Conveniently, the work surfaces are moved continuously through a loading station arranged in the longitudinal direction of the work surfaces.

In this case, the loading station is continuously loaded with cup bodies which are pushed onto the work surfaces from above and in the longitudinal direction of the belt. As a result, the unevenness in the manual loading of the cup bodies can be easily compensated.

A further advantageous embodiment of the method is characterized in that the shortening of the shaped bodies from the strips is carried out at a shortening station which is stationary in the longitudinal direction of the work surfaces, the strips moving to the shortening station by working surfaces and the shortening station moving from the work surface to the work surface.
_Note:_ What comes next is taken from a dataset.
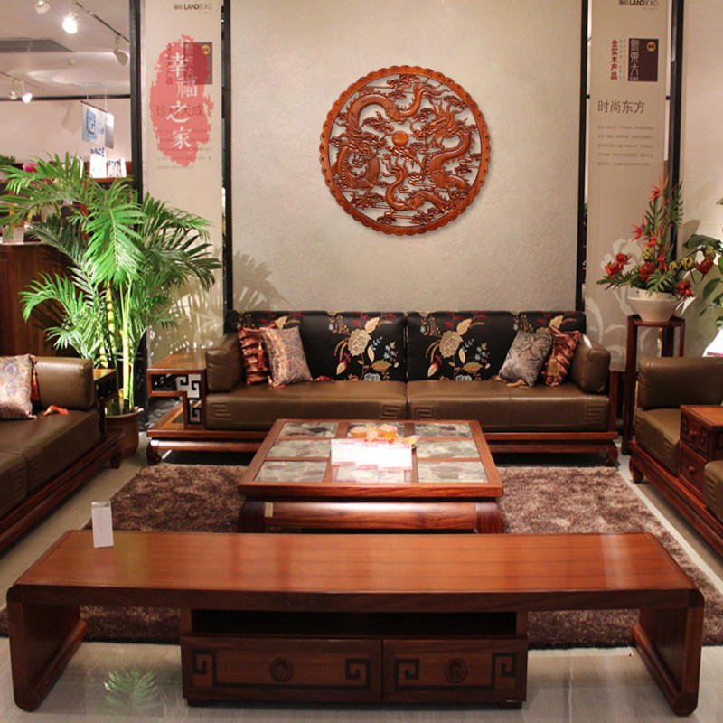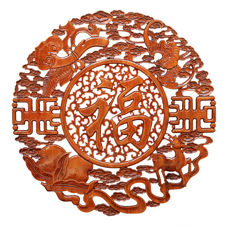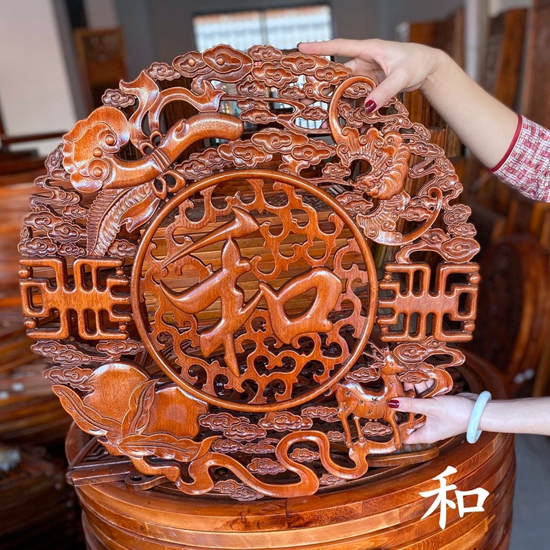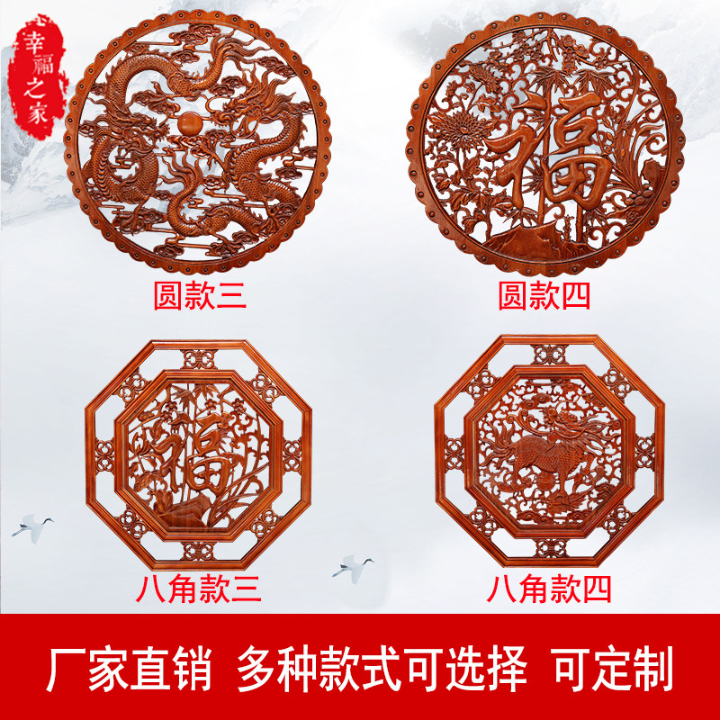 Dongyang wood carving solid wood antique round pendant Chinese decoration lampshade carving lattice octagonal decorative ornaments custom

In the area of the shortening station, the working surfaces are expediently divided into partial working areas. According to this embodiment of the method, immediately after or before the strips are removed from the work surfaces, these can be divided again into partial work surfaces so that these - if the loading station is not directly adjacent to the shortening station - can be brought back immediately to the loading station.

In order to facilitate the arrangement of the cup bodies in a precisely co-axial position and to prevent the cup bodies from slipping as the work surface moves away from the fixed loading station, the cup bodies of the at least one belt are aligned with each other by at least one guide element moving with the work surface.
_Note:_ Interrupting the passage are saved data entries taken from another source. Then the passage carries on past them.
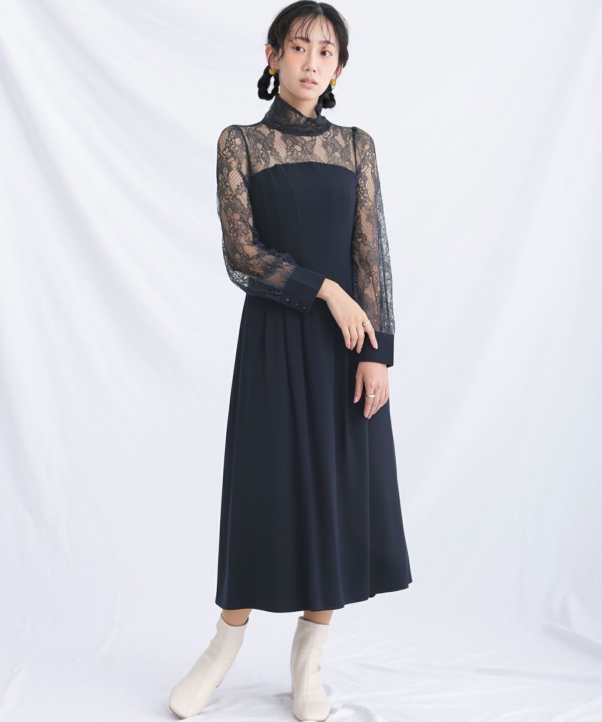 他の画像を見る 無地の生地にレースが施されたフェミニンなドレス ハイネック切替レースドレス 1~3営業日以内発送 定価 ¥ 15,800 販売価格 ¥ 9,510 税込 カートに入れる お気に入りに登録する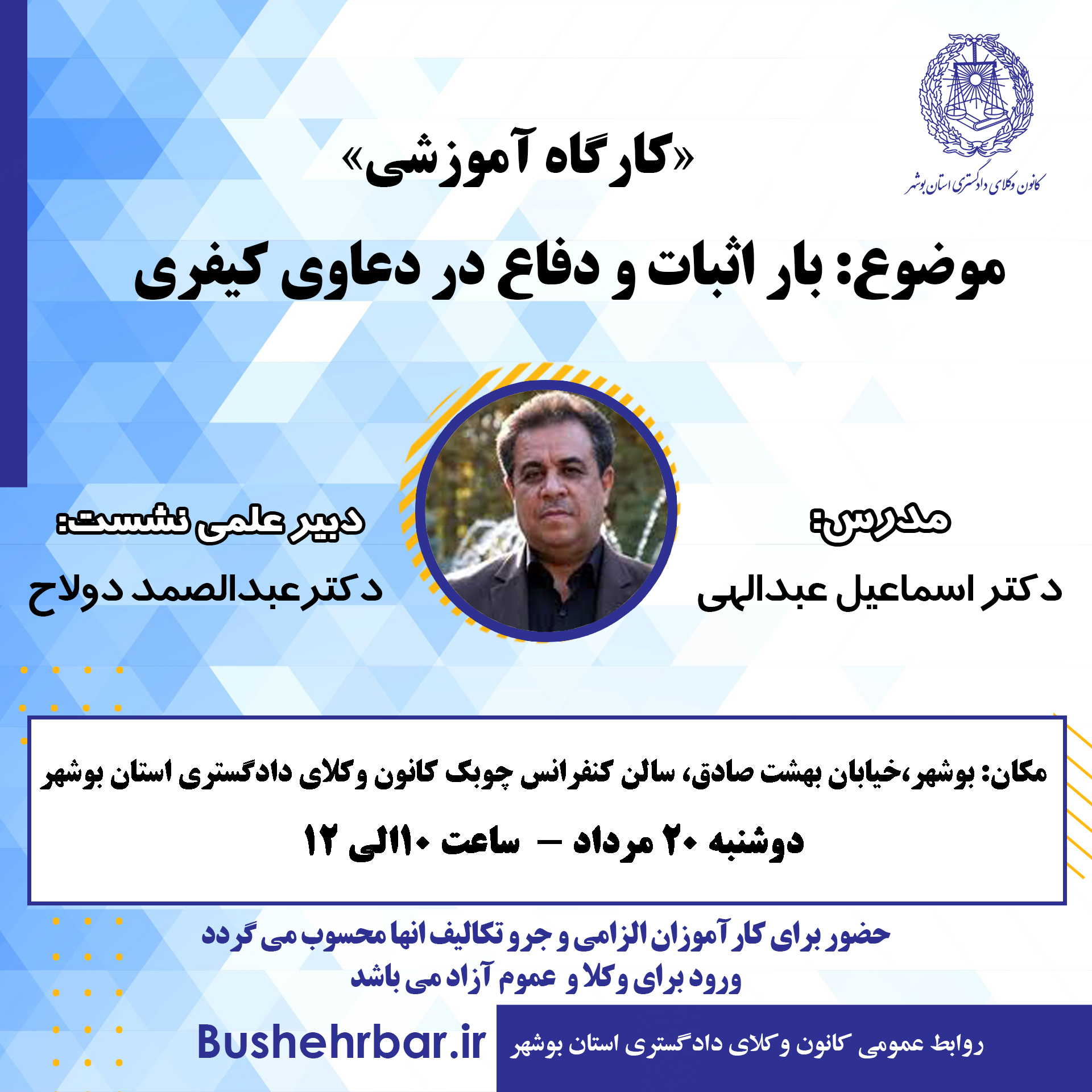 «کارگاه آموزشی» موضوع: بار اثبات و دفاع در دعاوی کیفری
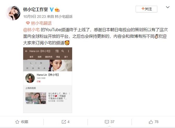 林小宅工作室在微博宣布开设YouTube频道Hana Lin【林小宅】,并感谢由日本朝日电视台策划,疑似即将进军日本,她先在影片开头介绍自己,并表示之前每年都会去日本玩好几次,喜欢在当地购物,可惜今年因疫情关系没办法去,开通频道是也希望与日本粉丝互动。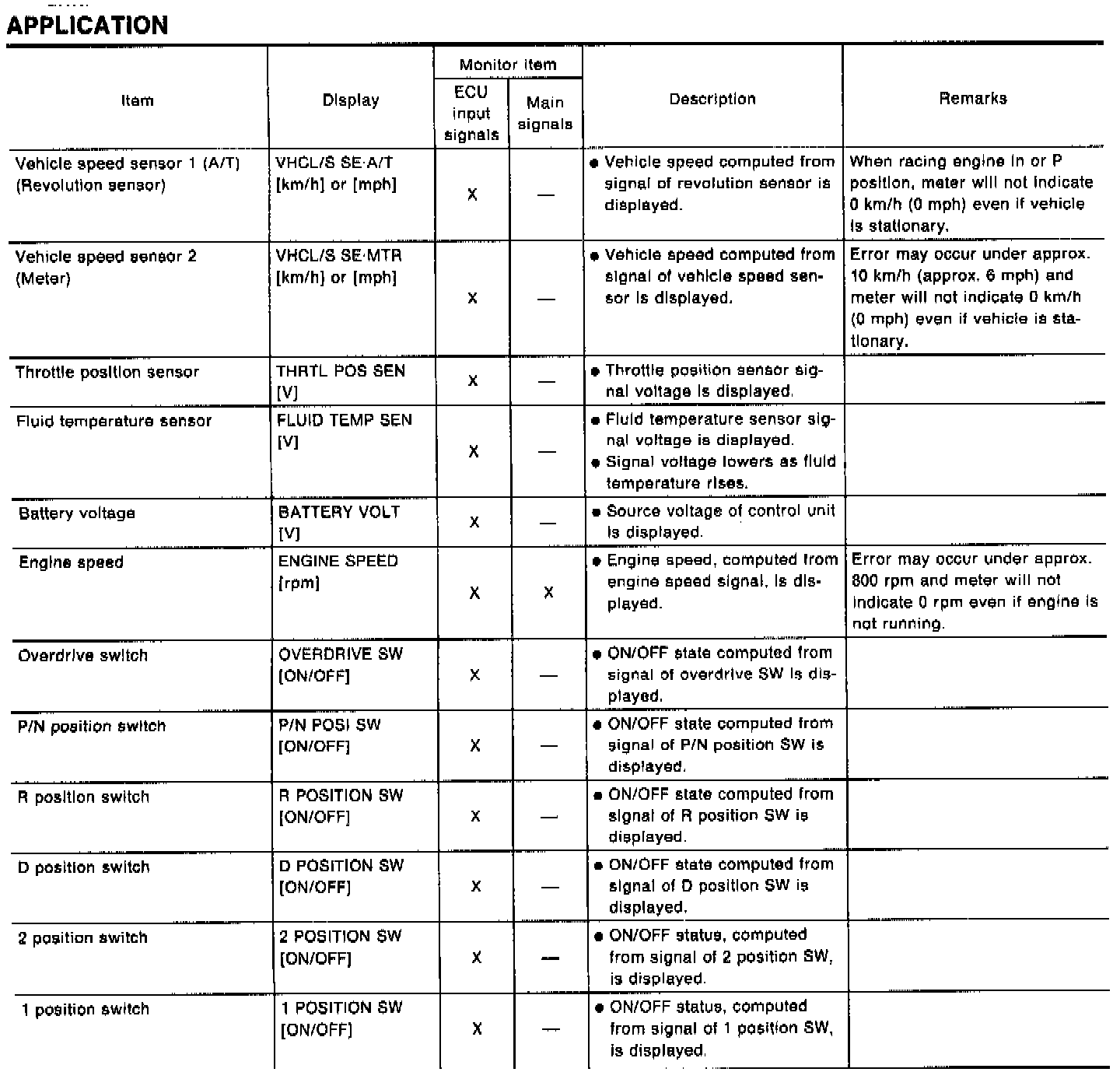 2. Shift schedule (which implies gear position) displayed on CONSULT and that indicated in Service Manual may differ slightly. This occurs because of the following reasons:

Apparatus for carrying out the method with a working surface extending over a predetermined length, a loading station for cup bodies which is immovable in the longitudinal direction of the working surface, a pouring device for pouring concrete and a shortening device, the working surface being movable along the loading station , characterized in that two or more work surfaces are arranged parallel to each other and the loading station for the cup bodies can be brought from the work surface to the work surface.

Preferably, the work surfaces are formed from successive pallets, the pallets forming the work surfaces being movable along a guide at the loading station, which is stationary in the longitudinal direction of the work surfaces. This makes the work surfaces particularly supportive and stable without the need for special support structures, etc.
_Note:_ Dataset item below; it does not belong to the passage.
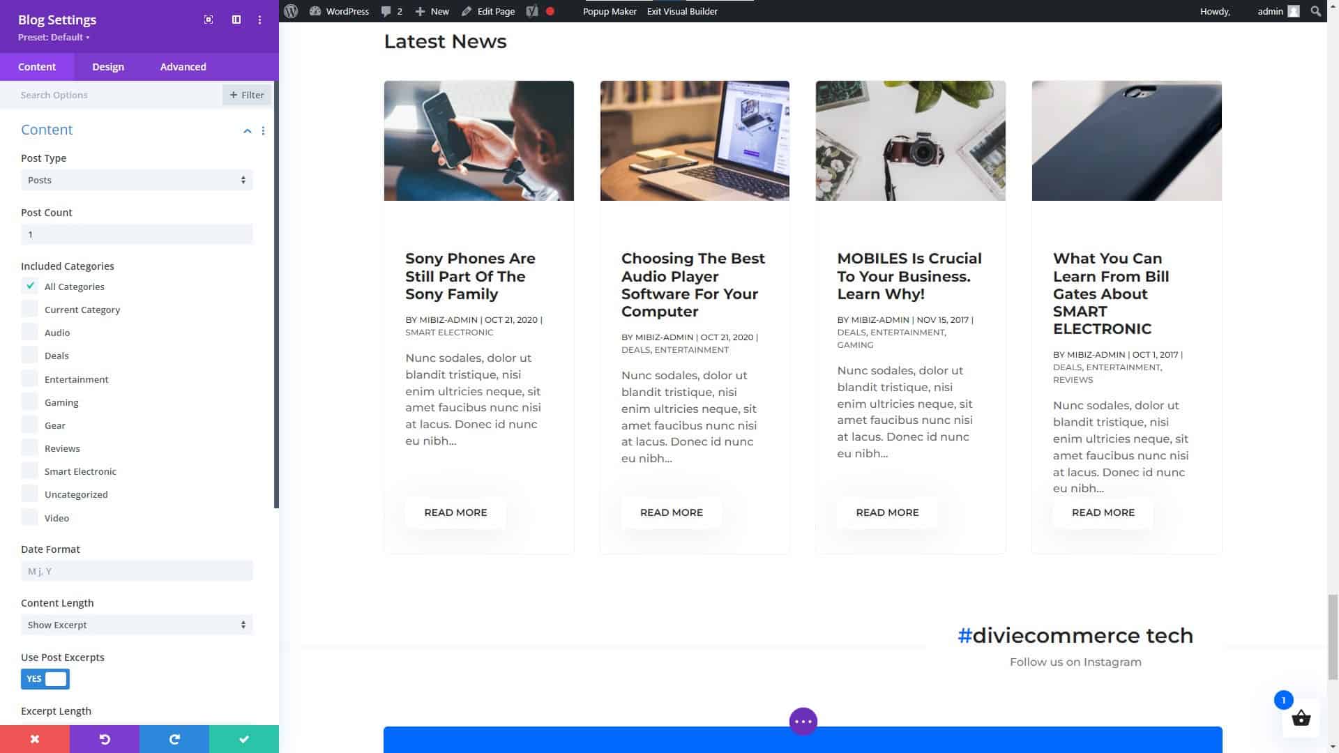 Divi Builder Blog Module Settings

Advantageously, a pallet stack can be brought into position in the region of the loading station, of which the uppermost pallet is removable and usable along the guide when connected to the first pallet removed to form a planar working pallet.

According to a preferred embodiment, the work surfaces are movable to the shortening station, immovable in the longitudinal direction of the work surfaces, whereby the investment costs can be further reduced since the shortening station no longer needs to be movable along the work surface.

Another advantageous embodiment is characterized in that the pallets are stackable in the area of the shortening station in the stacking station, wherein the pallet constituting the last working surface is movable and lowered in the stacking station, and the next pallet can be brought into the same position via the first lowered pallet. and that the side-by-side, spaced, poured and continuously cured tray bodies formed by the belts are transportable through the pallet stacking station and the shortening station is arranged in the conveying direction of the work surface behind the stacking station. In this way, the shortening process, which is carried out, for example, by means of a splitting saw, is carried out outside the work area and without contaminating the pallets.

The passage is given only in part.